Commentaire sur le psaume 10

Nous n’avons rien à craindre devant les attaques du démon et notre salut n’est pas dans la fuite, car Dieu protège le juste.

I- Le texte du Psaume[1]

01 Auprès du Seigneur j’ai mon refuge.

Comment pouvez-vous me dire : Oiseaux, fuyez à la montagne !

02 Voici que les méchants tendent l’arc :

ils ajustent leur flèche à la corde pour viser dans l’ombre l’homme au cœur droit.

03 Quand sont ruinées les fondations, que peut faire le juste ?

04 Mais le Seigneur, dans son temple saint,

le Seigneur, dans les cieux où il trône, garde les yeux ouverts sur le monde.

Il voit, il scrute les hommes ;

05 le Seigneur a scruté le juste et le méchant : l’ami de la violence, il le hait.

06 Il fera pleuvoir ses fléaux sur les méchants,

feu et soufre et vent de tempête ; c’est la coupe qu’ils auront en partage.

07 Vraiment, le Seigneur est juste ;

il aime toute justice : les hommes droits le verront face à face.
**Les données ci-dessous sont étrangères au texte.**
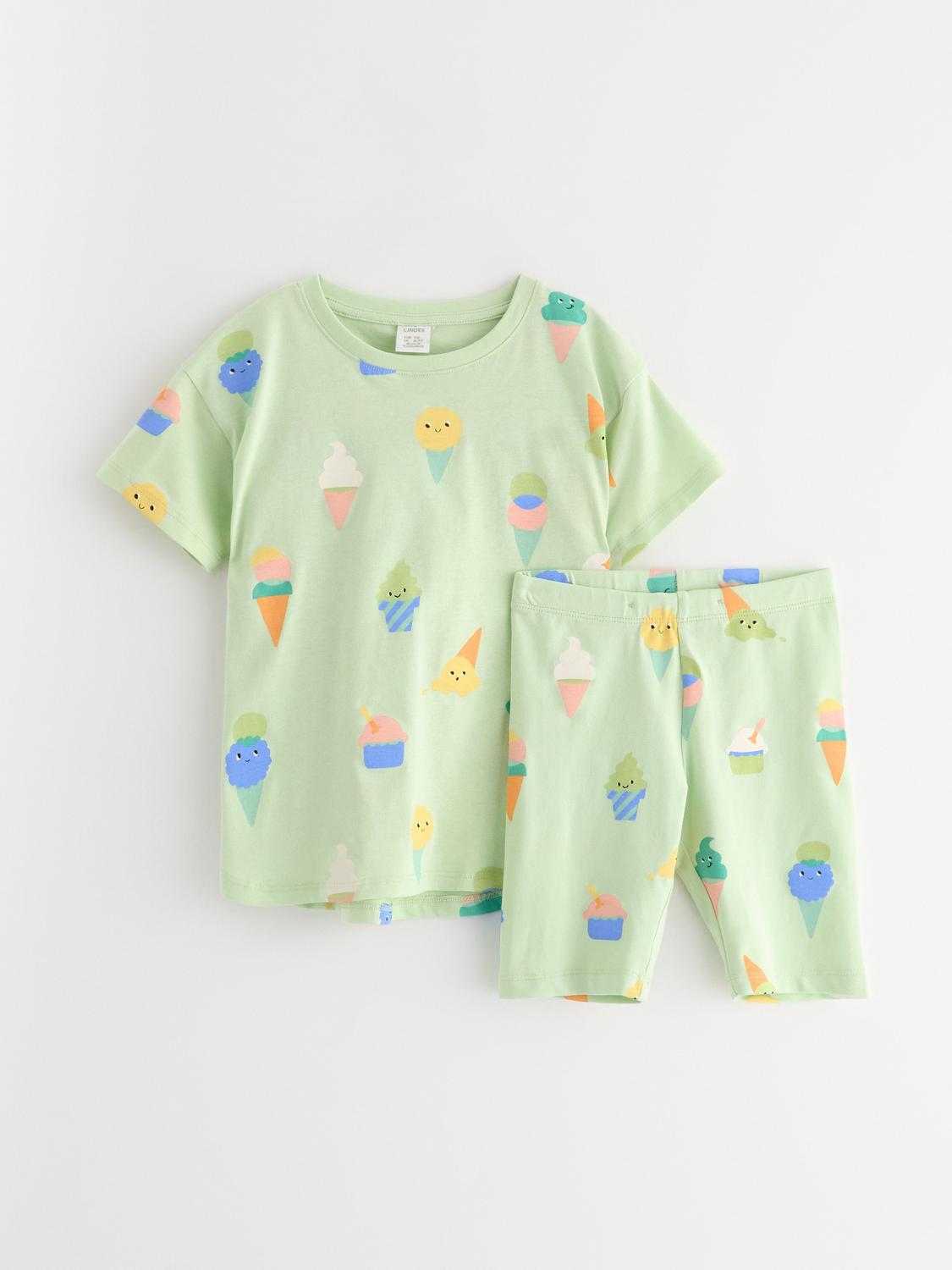 Detta mjuka set består av en topp och ett par ribbade cykelbyxor, perfekt för lek och mys hemma. Setet är bekvämt och följsamt, vilket gör det idealiskt för barn i rörelse.
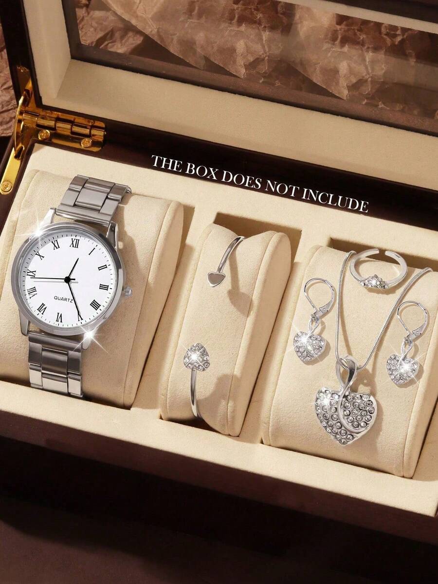 > 腕時計 レディース セット ファッショナブルで多用途な女性用クォーツ腕時計6個セット、ローマ数字ダイヤル、ゴールドスチールバンド、
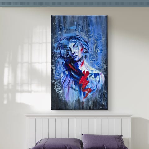 Maleriet er malt i akrylteknikk og mixed media på 3D lerret.
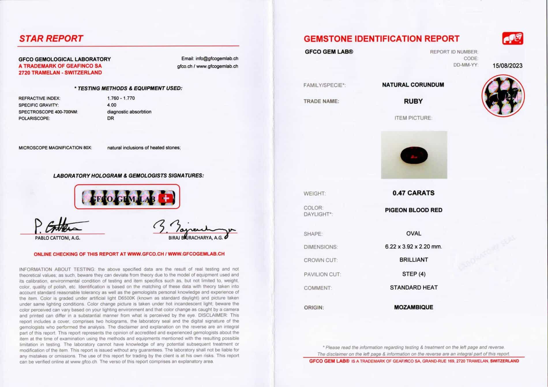 Il delizioso anello con rubino da 0.47 ct taglio “ovale” Gerbera della collezione Nature è sicuramente un acquisto garantito. Ogni singolo gioiello è infatti venduto con regolare certificato di autenticità firmato da Dario e Fabio Casavola. Inoltre, ogni aspetto della vendita è super controllato.
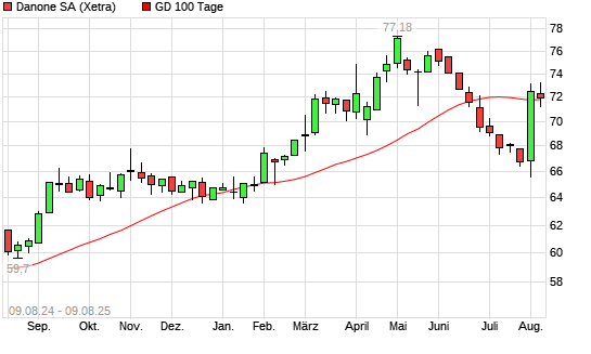 Mit dem Anstieg auf 71,96 EUR hat die Danone-Aktie am 08.08.2025 die 100-Tage-Linie nach oben gekreuzt.
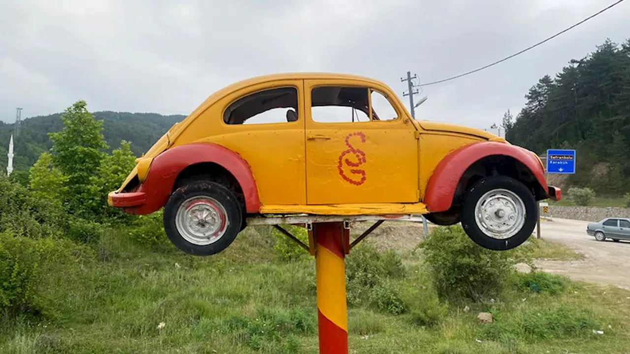 KARABÜK (AA) - Karabük'ün Safranbolu ilçesine bağlı Ovacuma köyü girişinde direk üzerine konulan otomobilin rengi, Galatasaray'ın bu yıl da Trendyol Süper Lig şampiyonu olmasıyla sarı-kırmızı kaldı.
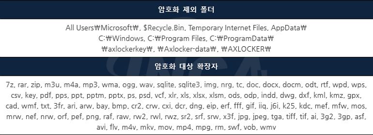 암호화 진행 대상은 [표 1]의 암호화 제외 폴더를 제외한 경로에서 암호화 대상 확장자를 지닌 파일이다.

II – Un drame en deux actes…

Au lever du rideau, le psalmiste est en scène, face à son entourage. Il s’adresse à ses amis, dans une sorte d’invective : (cf. v.1-3) « Dans le Seigneur j’ai trouvé mon refuge, comment pouvez-vous me dire de fuir dans la montagne comme l’oiseau poursuivi par un chasseur ? ». Car ce que voient les amis, c’est le ciel qui s’obscurcit pour le juste : les impies se tiennent dans l’ombre pour le faire périr… et pour eux, il n’y a plus d’autre solution que de fuir, tout est ruiné…

Mais voilà que brusquement le ton change (cf. v. 4-7) : nous sommes transportés au Ciel, où siège le Seigneur ; de là, Il regarde le monde, et Il voit. Il voit même bien plus loin que les hommes : Il voit leurs cœurs, et juge leurs actes avec justice. Juge attentif, il fera pleuvoir sur les méchants, comme jadis à Sodome, « feu et soufre et vent de tempête » : ce second acte qui met en scène le « jugement de Yahvé » justifie donc pleinement la confiance du juste, même si, pour le moment, il reste dans le monde : « Je ne prie pas pour que tu les retires du monde, mais pour que tu les gardes du Mauvais. » dit Jésus dans sa prière du Jeudi Saint (Jn 17,15) et encore : « Dans le monde, vous avez à souffrir, mais courage ! Moi, je suis vainqueur du monde. » (Jn 16,33)

« Non, il ne dort pas, ne sommeille pas, le gardien d’Israël. Le Seigneur, ton gardien, le Seigneur, ton ombrage, se tient près de toi. » (Ps. 120, v.4-5)

III – Les paupières de Dieu : sa Providence

Pour plusieurs Pères de l’Eglise, les paupières de Dieu (on peut traduire au verset 4 : « ses paupières scrutent les hommes ») sont comme la Providence de Dieu, qui scrute les hommes, attentif à leurs besoins et à leurs actes. Ainsi, Saint Cyrille d’Alexandrie dit « En regardant, Dieu sauve », et Origène : « [Le Seigneur] voit tout, et gratifie le pauvre de la faveur que donne ce regard, protégeant magnifiquement. ». Eusèbe commente ainsi : « Dieu fait au pauvre cette grâce, que la puissance de Dieu (ses paupières) le protège en le regardant. Mais les paupières scrutent et il est bon que Dieu scrute aussi le pauvre pour qu’il ne tombe pas dans le péché. »

IV- Avec Jean-Paul II…

Extraits de son audience générale sur le Psaume 10 [2]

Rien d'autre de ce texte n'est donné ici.